* Entries shown:
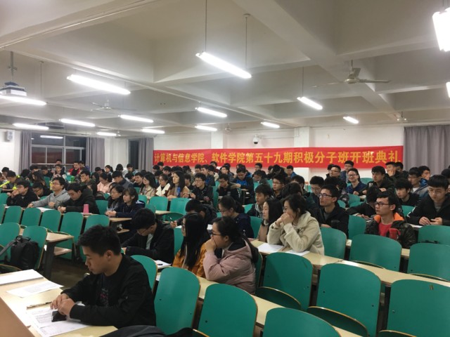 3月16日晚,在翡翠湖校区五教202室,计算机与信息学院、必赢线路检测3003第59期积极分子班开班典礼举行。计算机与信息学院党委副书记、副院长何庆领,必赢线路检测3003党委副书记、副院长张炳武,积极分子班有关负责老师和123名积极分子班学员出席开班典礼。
...
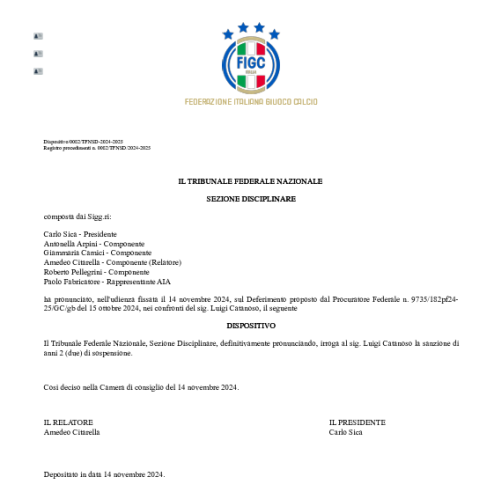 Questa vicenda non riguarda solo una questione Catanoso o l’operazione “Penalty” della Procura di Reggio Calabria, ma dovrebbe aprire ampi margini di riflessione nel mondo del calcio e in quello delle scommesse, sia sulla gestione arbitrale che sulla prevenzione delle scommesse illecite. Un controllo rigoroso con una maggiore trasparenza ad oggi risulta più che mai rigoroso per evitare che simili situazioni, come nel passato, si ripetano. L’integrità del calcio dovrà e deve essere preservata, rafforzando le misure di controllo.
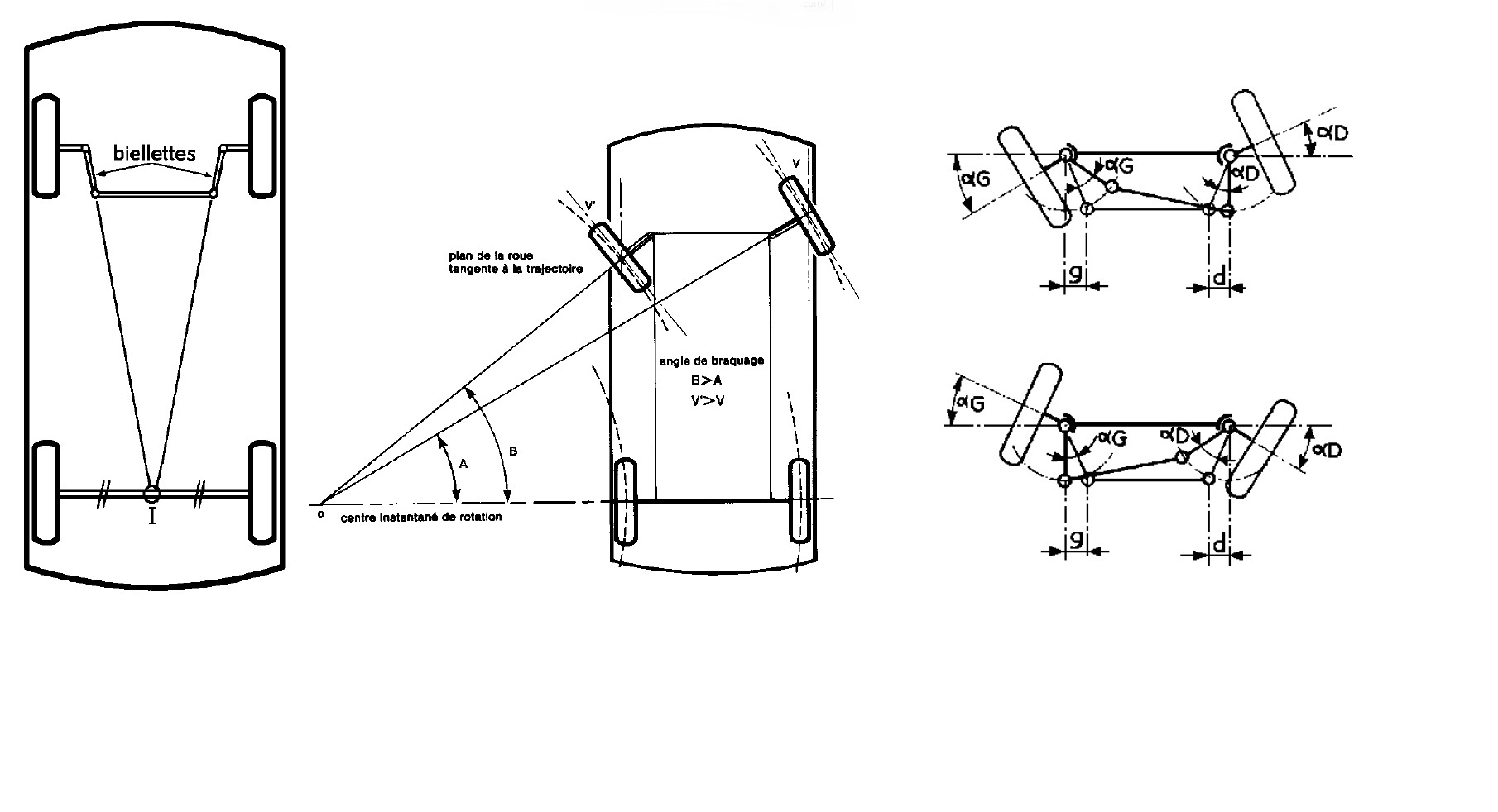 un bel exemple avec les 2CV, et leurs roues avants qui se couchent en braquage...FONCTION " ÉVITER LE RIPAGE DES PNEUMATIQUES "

* Task: Look above for the line with "Questa vicenda non" and the line with "un bel exemple"; set down those two lines and all lines between them exactly, without pictures and without anything else.

* Task answer:
 Questa vicenda non riguarda solo una questione Catanoso o l’operazione “Penalty” della Procura di Reggio Calabria, ma dovrebbe aprire ampi margini di riflessione nel mondo del calcio e in quello delle scommesse, sia sulla gestione arbitrale che sulla prevenzione delle scommesse illecite. Un controllo rigoroso con una maggiore trasparenza ad oggi risulta più che mai rigoroso per evitare che simili situazioni, come nel passato, si ripetano. L’integrità del calcio dovrà e deve essere preservata, rafforzando le misure di controllo.
 un bel exemple avec les 2CV, et leurs roues avants qui se couchent en braquage...FONCTION " ÉVITER LE RIPAGE DES PNEUMATIQUES "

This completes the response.